A Tribute and a Train
Words matter
Hi friends, and welcome new subscribers. In early May, I thought I was being smart to schedule my monthly pARTake letters for June and July. Then, it was all I could do to steal away from caring for Larry and managing our trucking agency for a few minutes to write a few words in my memoir in progress, let alone write an essay, take care of myself, Cooper, and our home. With plenty of unpublished work in a file, along with essays I’m moving over from my Medium account, I knew I would be insanely busy with Larry’s declining health from prostate and esophageal cancer, plus chronic heart failure, so scheduling seemed like a good strategy. But in mid-May, once Hospice entered the scene and I had less time to sit at my desk, I started dictating ideas, thoughts, and poems in my phone's Notes app.
When Larry died on the first Sunday of June, I knew that a prescheduled essay about hair was not a good idea after all, especially since the third Sunday of the month fell on Father’s Day, so I rescheduled the hair essay for August. This month, I thought you’d like to know about Larry, who was an amazing father and Papa to his two daughters and family, and, specifically, I thought you’d like to know how I began my writing journey, the backstory, if you will, because it involved Larry Berry.
Happy Father’s Day to you and yours.
One winter evening in 2010, shortly after I quit my job as a seafood sales rep, I was contentedly reading The New York Times on the living room couch. Larry was in his office doing who knows what. It was probably a Monday because we had a very active social calendar in Thornton Park, the historic district in downtown Orlando. Mondays were our chill days. I had ordered only the Sunday edition to arrive at my doorstep every week, and the paper was so thick that I read it all week. Right in the middle of my favorite column, “36 Hours,” Larry pulled the paper from my hands, smiling.

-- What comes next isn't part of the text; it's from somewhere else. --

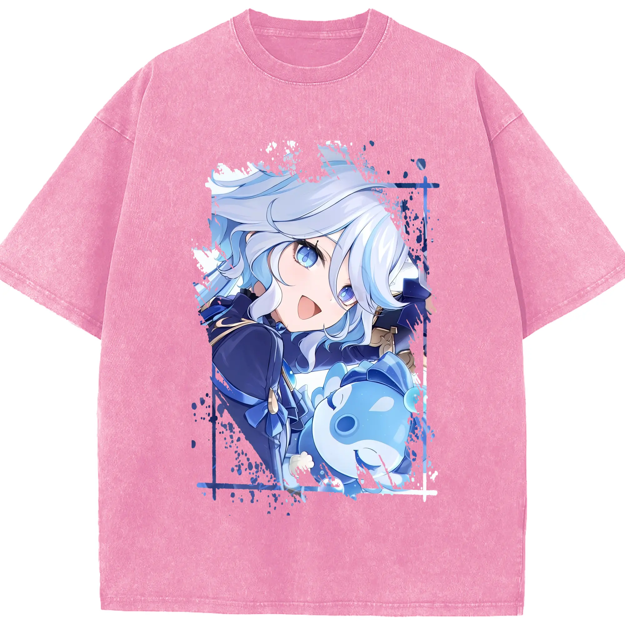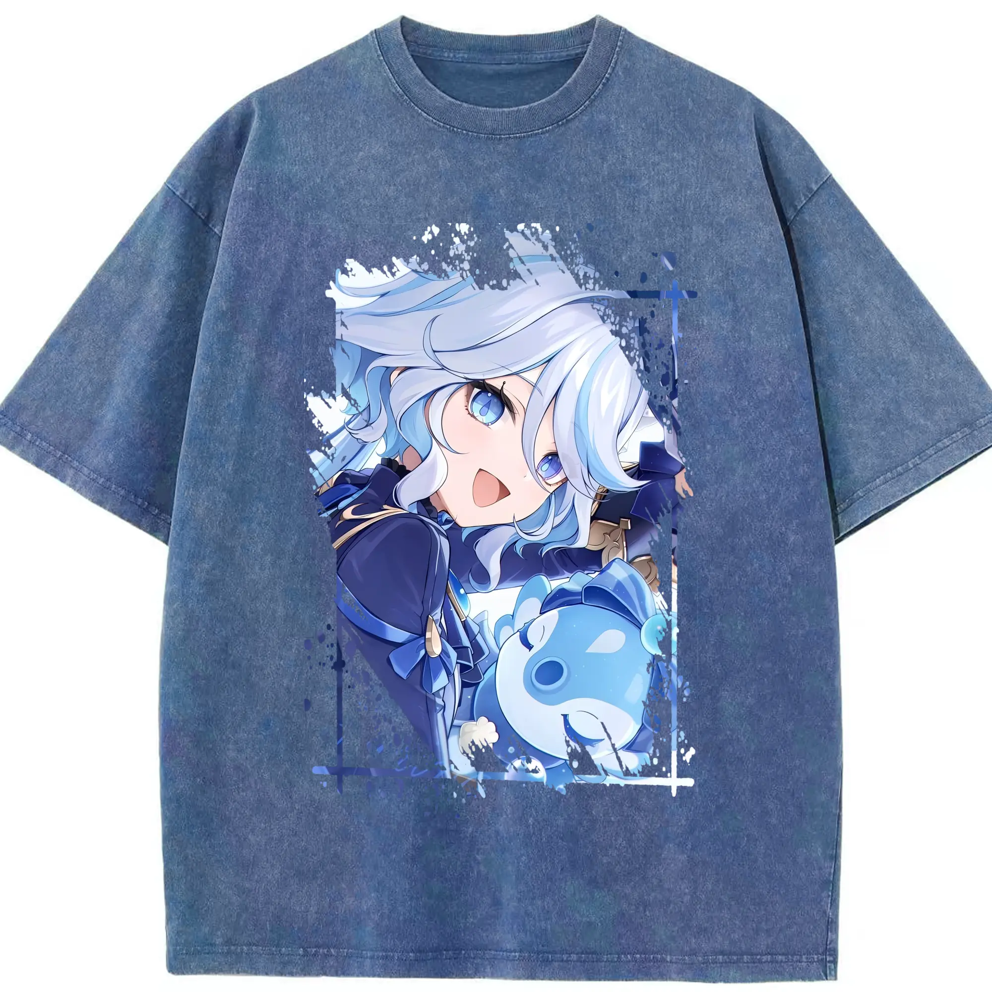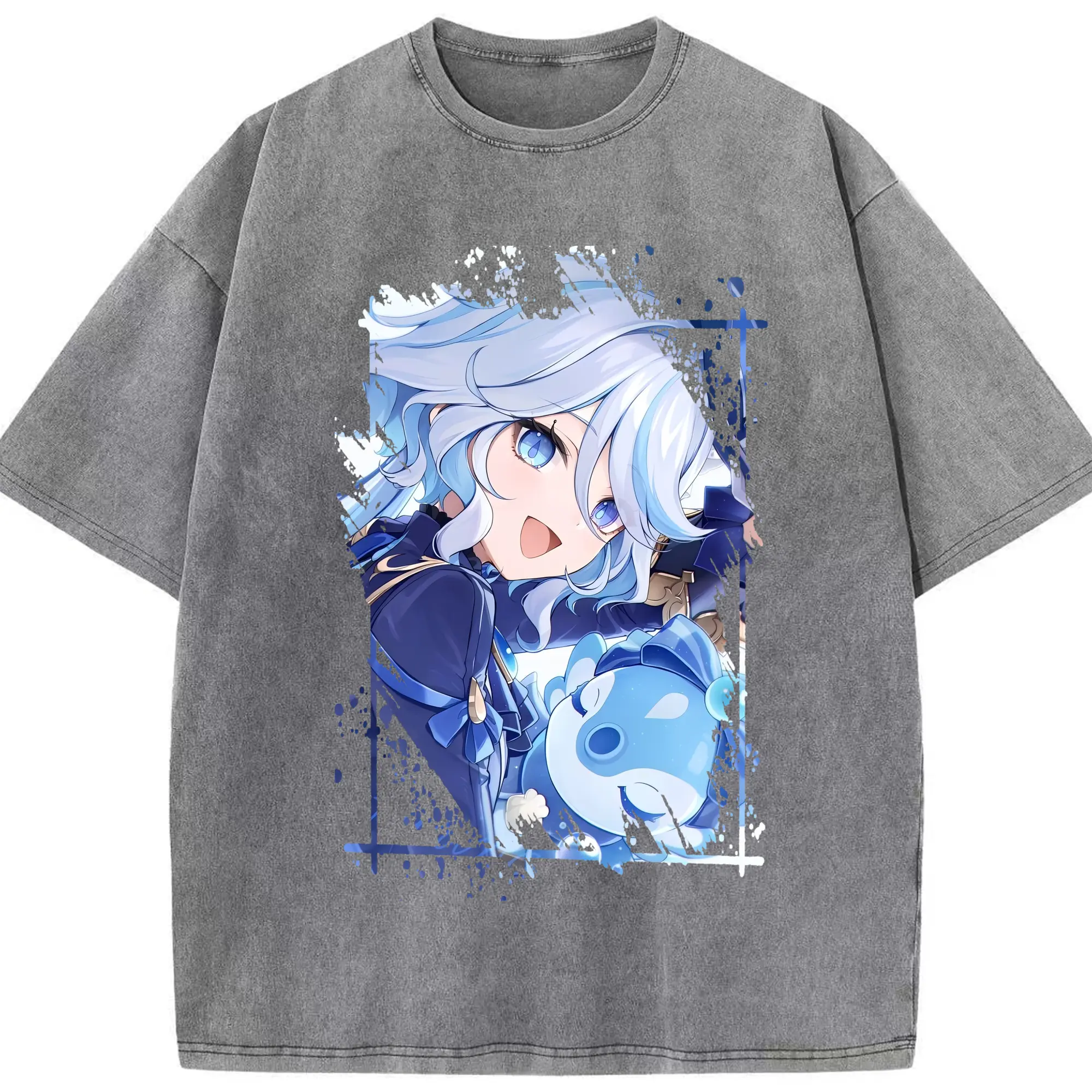 原 神 グッズ フリーナ - 綿100% ヴィンテージ風 半袖Tシャツ ・ 背面プリント ・ 柔らか肌触り ・ 通気性 快適 ・ スポーツ カジュアル 外出用

“I have something to show you on my computer.”
“I hope it’s a vacation,” I said and scrambled off the couch like a kid in a candy store.
As it turned out, he’d Googled writing instructors in Orlando. Better than a vacation. There was a healthy list of instructors and resources to choose from, and I contacted a few. The first woman, whose name I don’t remember, asked me to meet her at a community space. I wrote stories from prompts on postcards, her chosen constraint. I paid her by the week, and the arrangement lasted a few weeks. Then I hired a woman who wrote literary fiction and poems, had an MA in English, seemed intuitive, and was willing to work with me, a middle-aged woman without an English degree but with enough ambition to fill a notebook. I had a story idea about a burglar and a burned-out detective based on a real-life burglary situation in the neighborhood where we lived. I also wanted to write a series of seafood cookbooks. Then, my ideas outweighed my writing ability, but she helped me see my strengths and flaws. We met in a Borders bookstore, and after a year of semi-monthly meetings and quarterly payments that weren’t cheap, I ended our working relationship. I needed more structure, a classroom setting, and a community. I thanked her for her help and mentioned that I was enrolling in Gotham Writers' online program to take a food writing course.
I wish I could tell you, dear friends, that she was kind. She wasn’t even gracious. Shockingly, she said, “Well, you’re not a very good writer anyway.”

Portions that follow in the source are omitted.